Once you find the line with "세로 보카시 텍스처와 톤다운 컬러로 시원하면서도 고급스러운 무드를 완성하는 셔츠" in the listing below, set down exactly every line from it through the line with "向かって左がHDD、右がSSDです。当然、数値が多い方が速いと云う事で。", but no pictures.

■ Data section ■
★ ★ ★

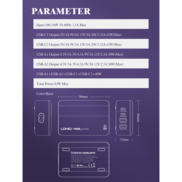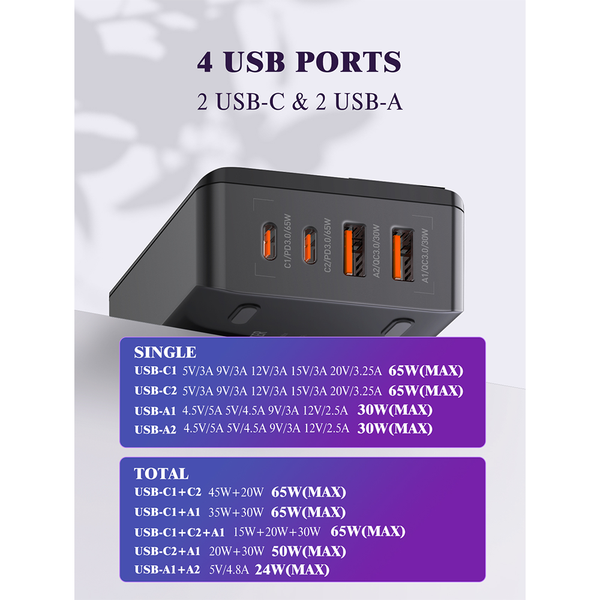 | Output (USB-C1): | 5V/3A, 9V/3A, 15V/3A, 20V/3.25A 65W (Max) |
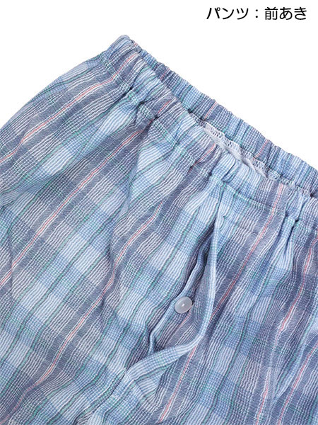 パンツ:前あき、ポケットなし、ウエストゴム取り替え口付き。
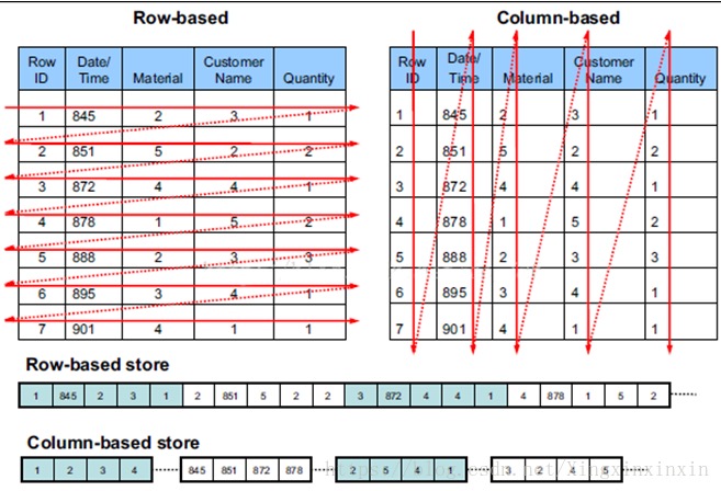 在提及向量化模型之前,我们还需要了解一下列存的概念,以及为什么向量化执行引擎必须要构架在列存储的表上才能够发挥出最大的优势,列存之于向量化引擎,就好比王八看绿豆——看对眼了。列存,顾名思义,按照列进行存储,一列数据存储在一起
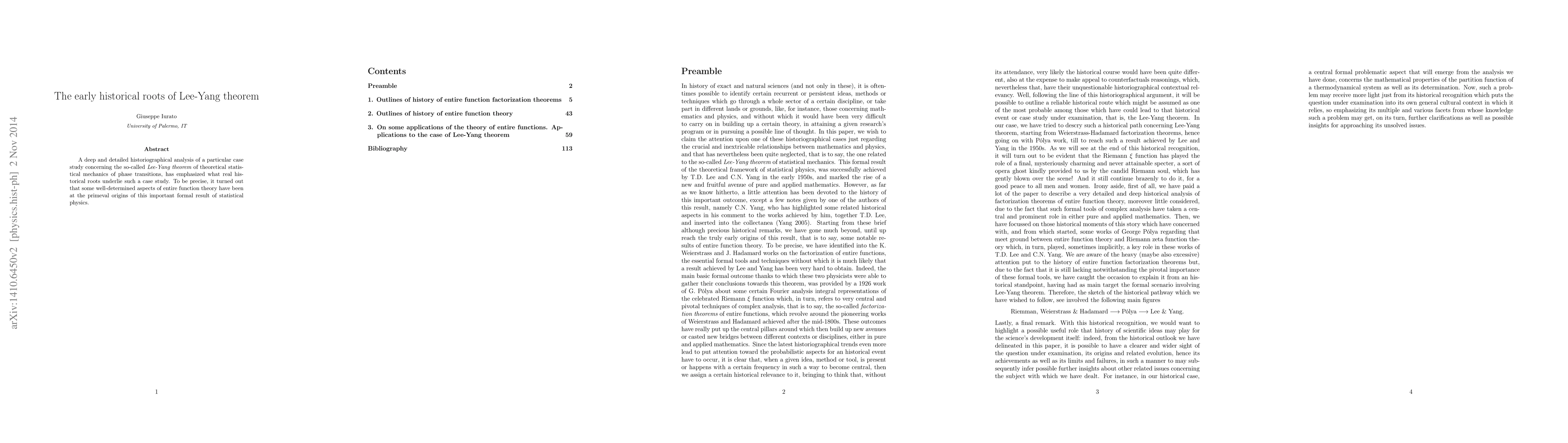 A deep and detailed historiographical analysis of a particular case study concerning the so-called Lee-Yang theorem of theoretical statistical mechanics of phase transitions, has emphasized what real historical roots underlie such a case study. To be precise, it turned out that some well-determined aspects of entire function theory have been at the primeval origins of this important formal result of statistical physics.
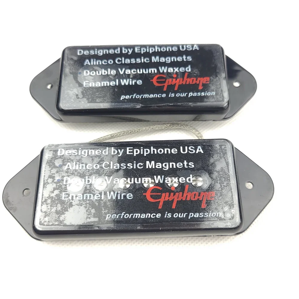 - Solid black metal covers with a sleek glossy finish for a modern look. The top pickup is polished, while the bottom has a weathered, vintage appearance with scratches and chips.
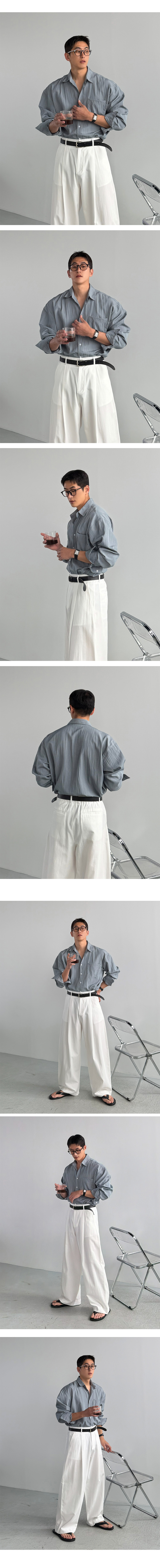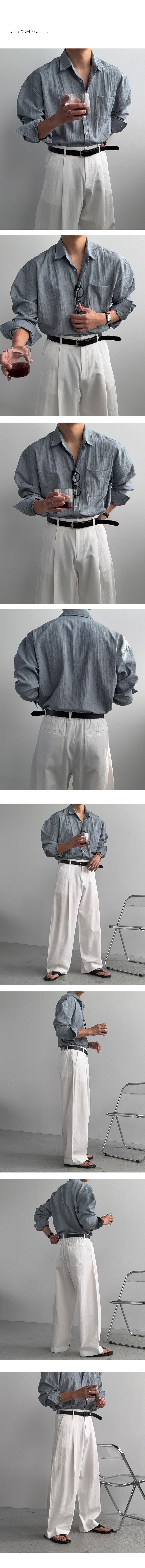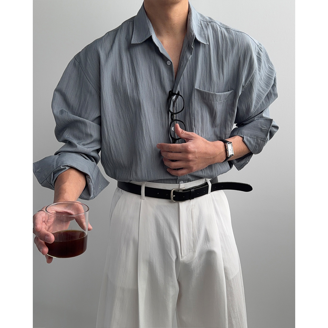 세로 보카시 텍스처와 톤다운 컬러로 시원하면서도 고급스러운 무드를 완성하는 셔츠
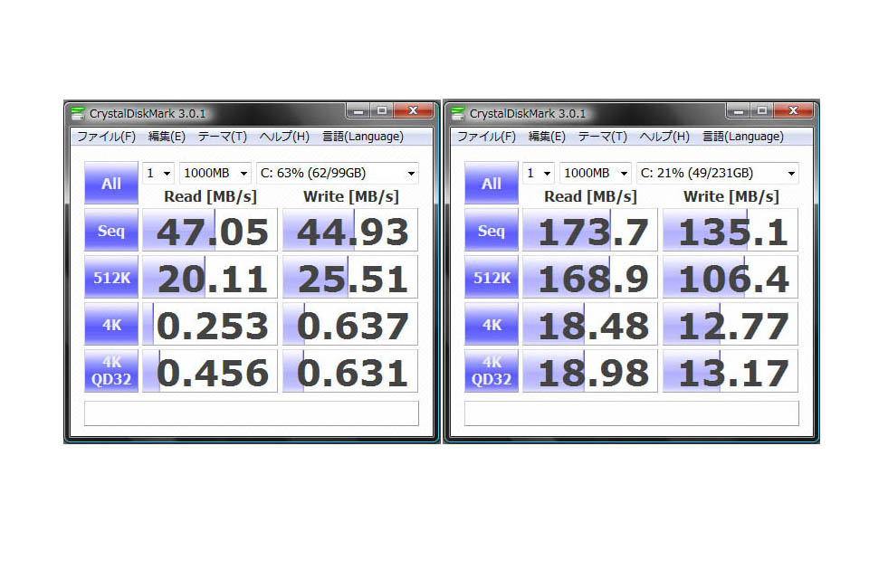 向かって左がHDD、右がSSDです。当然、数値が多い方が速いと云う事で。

★ ★ ★

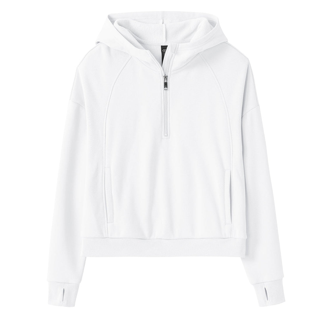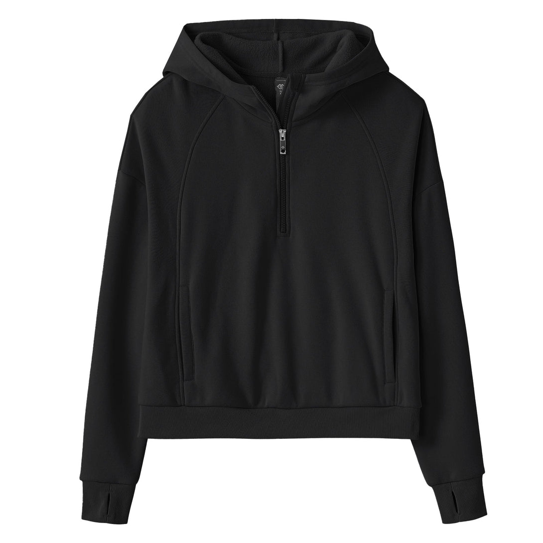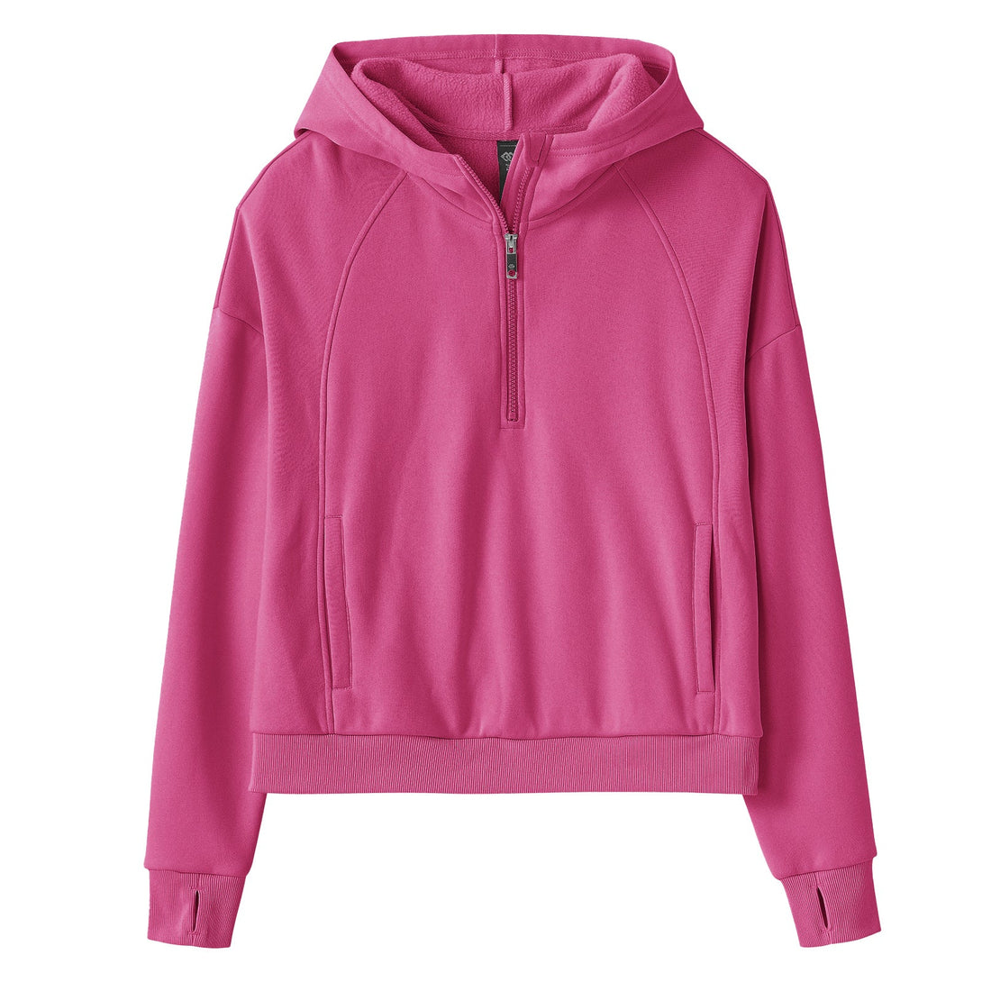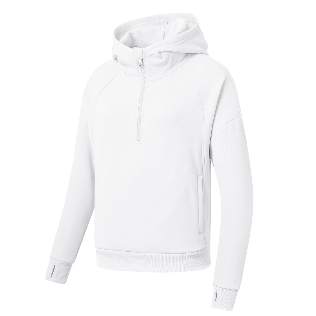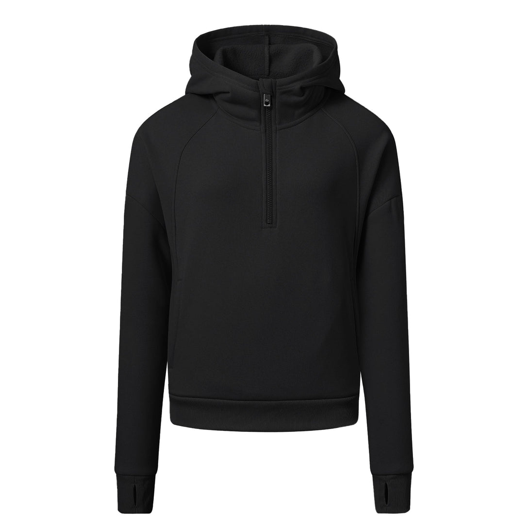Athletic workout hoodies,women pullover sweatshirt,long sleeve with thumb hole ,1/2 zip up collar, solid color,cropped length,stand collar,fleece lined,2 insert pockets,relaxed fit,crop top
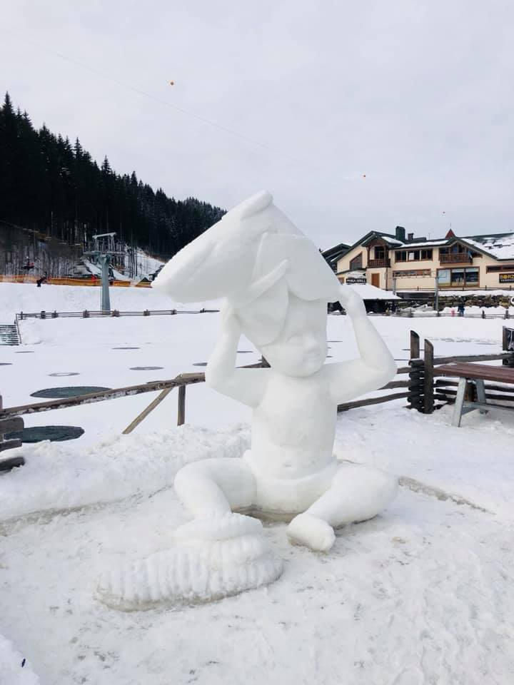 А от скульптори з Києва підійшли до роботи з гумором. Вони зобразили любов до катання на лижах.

★ ★ ★

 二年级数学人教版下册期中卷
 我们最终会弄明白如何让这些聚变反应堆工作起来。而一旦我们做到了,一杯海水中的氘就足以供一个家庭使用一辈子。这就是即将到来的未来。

★ ★ ★

■ Written response ■
 세로 보카시 텍스처와 톤다운 컬러로 시원하면서도 고급스러운 무드를 완성하는 셔츠
 向かって左がHDD、右がSSDです。当然、数値が多い方が速いと云う事で。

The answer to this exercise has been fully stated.